Et Ritmo Fatale ne va pas s’arrêter en si bon chemin. Leur calendrier de sorties pour 2021 est déjà bien rempli. « Pour la prochaine, on sort d’Europe pour découvrir un artiste brésilien de Sao Paulo, Neurotiker. C’est le premier EP qu’on signe parce qu’il nous a envoyé 7-8 démos incroyables, qui formaient un ensemble solide et dans la continuité des VA. Là où son EP est incroyable, c’est qu’entre les tracks il varie de l’italo à l’EBM, la synthwave, l’IDM electro, annonce Kendal. Après ça, on part sur un projet d’album de Mimmo et Hirschman, dans un délire slow trance, industriel, EBM, sexe, cuir. Puis dans un tout autre registre, Cate Hortl, la moitié des Oktober Lieber.

Ritmo Fatale va donc bon train. Un succès que les Toulousains attribuent volontiers à l’aide qu’ils reçoivent de la part de la nouvelle structure de diffusion Underscope. « On avait déjà la volonté de pousser le projet, mais on n’était pas épaulés, comme beaucoup de labels indés. Ils sont arrivés au bon moment pour nous et pas mal de monde, je pense, avec leur idée de promouvoir, structurer et fédérer les labels. C’est une grosse mise en avant qu’ils nous offrent. Grâce à eux, on peut se projeter sur le long terme et se concentrer sur nos sorties », se réjouit Paul.

“Ô Toulouse”

La trajectoire fulgurante de Ritmo Fatale ne fait que confirmer le très fort potentiel de la scène électronique toulousaine, vivier de talents s’étant progressivement structuré dans une myriade de labels tous plus pointus les uns que les autres. Boussole, Pétrole, Egregore, Label Sphère, Folkore, plus anciennement Karnage Records, plus récemment Synthetic Line Records, Kmyle Records, etc.

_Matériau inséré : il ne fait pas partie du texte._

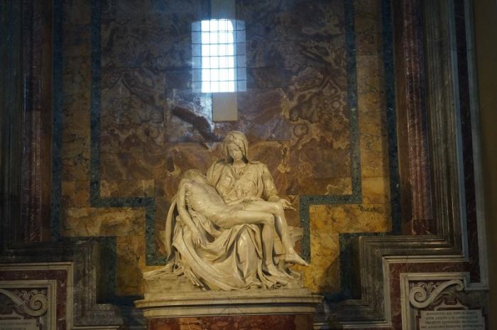 А вот и знаменитая скульптура Микеланджело «Пьета». Как такое можно создать из камня.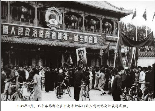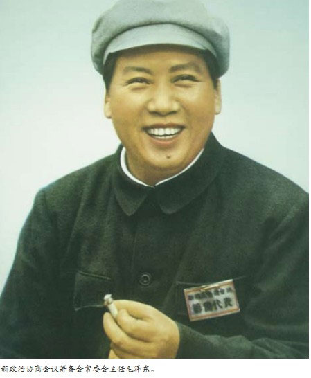1949年9月21日晚,中國人民政治協商會議第一屆全體會議在中南海懷仁堂隆重開幕。出席開幕式的包括各黨派、團體代表634人和來賓300人。當毛澤東以沉穩、緩慢的語調莊嚴宣告“我們的工作將寫在人類的歷史上……我們的民族將再也不是一個被人侮辱的民族了,我們已經站起來了”時,會場里,所有人的眼里都閃爍著淚花。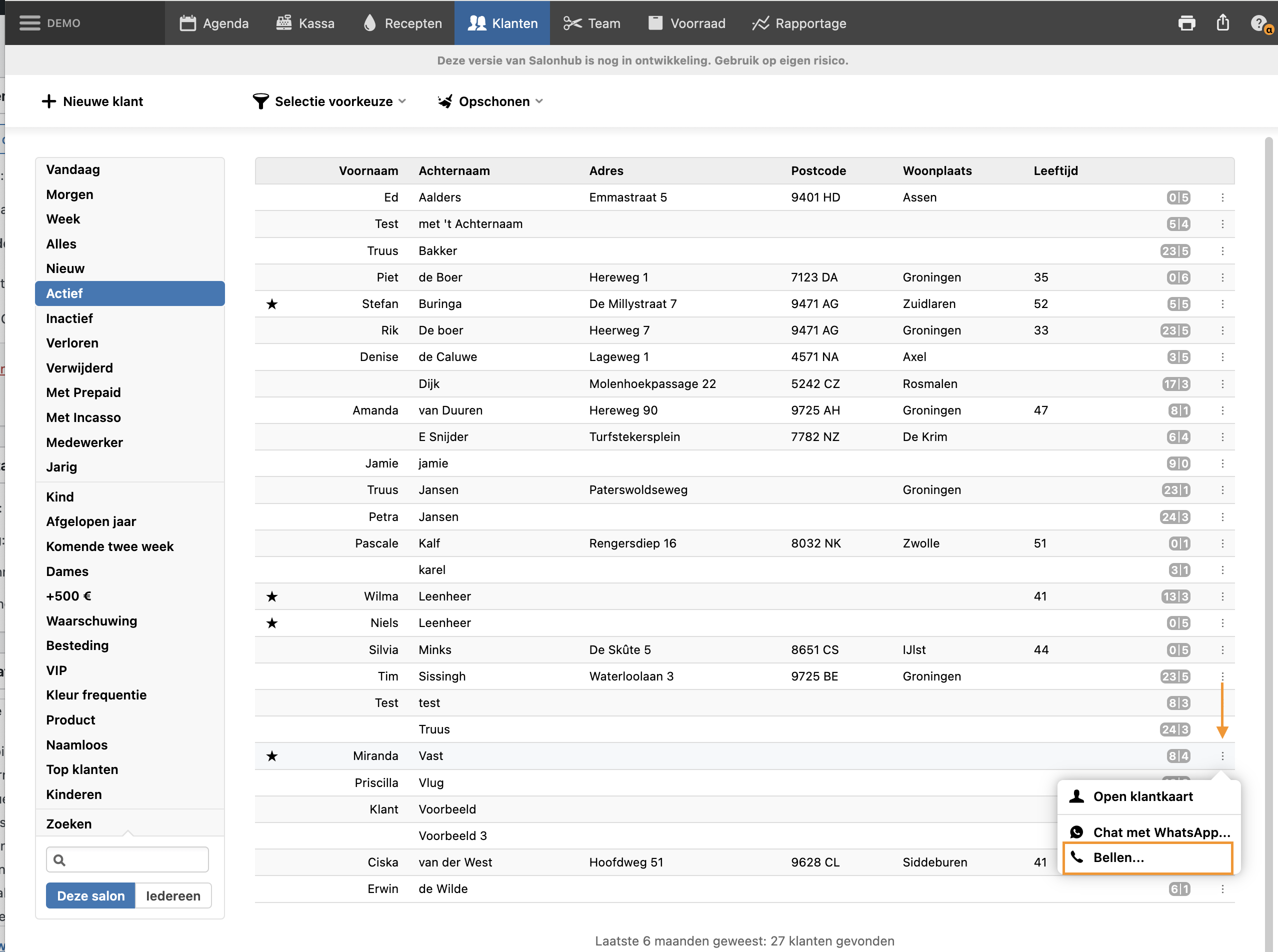 Tabblad Klanten: Klik op de drie stipjes achter de naam van de klant om een telefoongesprek te starten.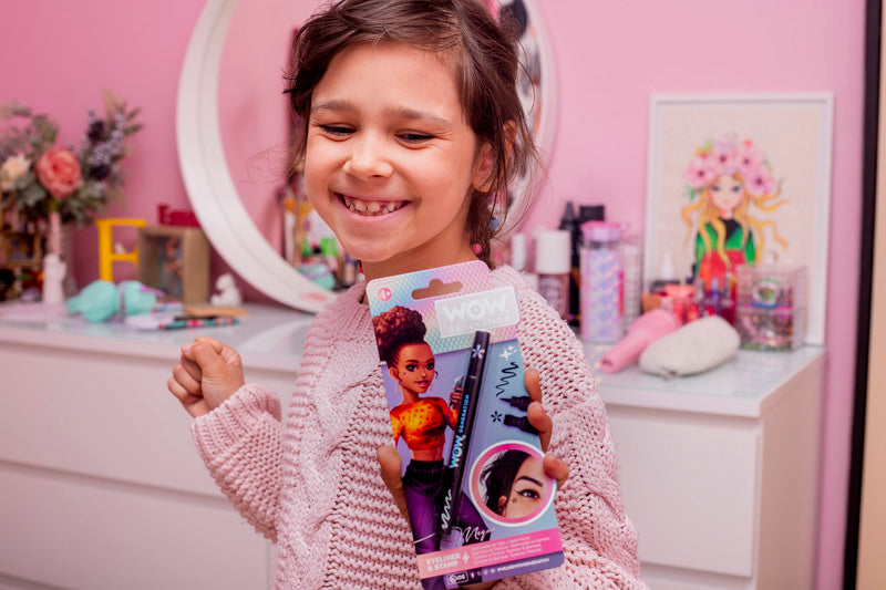 Очната линия и печатът към нея на WOW Generation са напълно безопасни и идеални за допълване на визията на момичетата, искащи да приличат на мама, както и на тези, изнасящи представления. Балерина, гимнастичка или певица, малката девойка със сигурност ще изглежда зашеметяващо на сцената с очната линия с цветен нюанс - черен или син. Печатите към нея са с форма на светкавица, сърце или звезда.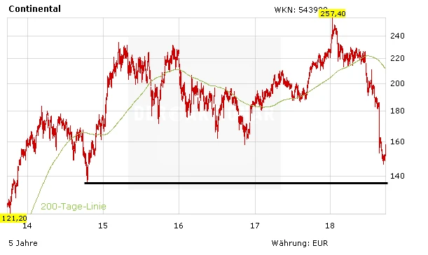 Es bleibt trotz vieler Bemühungen des Unternehmens abzuwarten, wie der Konzern die kurzfristigen Herausforderungen meistern wird. Die Ereignisse in den vergangenen Monaten haben den Kurs der Conti-Aktie auf das Niveau von 2014 fallen lassen. Eine technische Unterstützung liegt auf dem damaligen Jahrestief bei 136,85 Euro.

« Jusqu’à il y a très peu de temps, la scène de Toulouse n’était pas reconnue à sa juste valeur, raconte Kendal. Parce qu’on n’a pas de clubs internationaux ou de gros bookers basés ici. Alors qu’il y avait plein de collectifs d’artistes créés autour de sons particuliers. À force d’aller aux soirées des uns et des autres, tout le monde s’est nourri de chacun. Il y a une effervescence collective. C’est pour ça qu’on est très fiers de notre ville et qu’on veut la mettre en avant, pas par chauvinisme, mais parce que sans cette ville on ne serait pas les mêmes personnes ni les mêmes artistes (…) On a fait du lobbying pour faire comprendre qu’il n’y avait pas que Bordeaux, Lyon et Paris quand on parlait de musique électronique en France. D’où le hashtag #Toulouseonthemap, qu’on a lancé il y a un an. On est ravis de voir que ça porte ses fruits aujourd’hui ».

Les deux complices recommandent trois clubs toulousains immanquables : le Connexion Live, le Bikini et le Cri de la mouette. « C’est grâce à eux que Toulouse peut avoir autant de collectifs, précise Paul. Côté bar, citons également l’Échanson et le Marché Noir où l’on aime enchaîner les doubles mauresques et les picons, et le Dada, qui héberge au fond de sa cour le disquaire de nos potes Folklore : Casemate Record Shop ». Une autre adresse incontournable pour les amateurs de musique est le disquaire Innerdisc.

Et en janvier dernier, Kendal tentait le pari de représenter la diversité de la scène toulousaine dans un mix pour Trax Magazine, The [No] Future Sound Of Toulouse.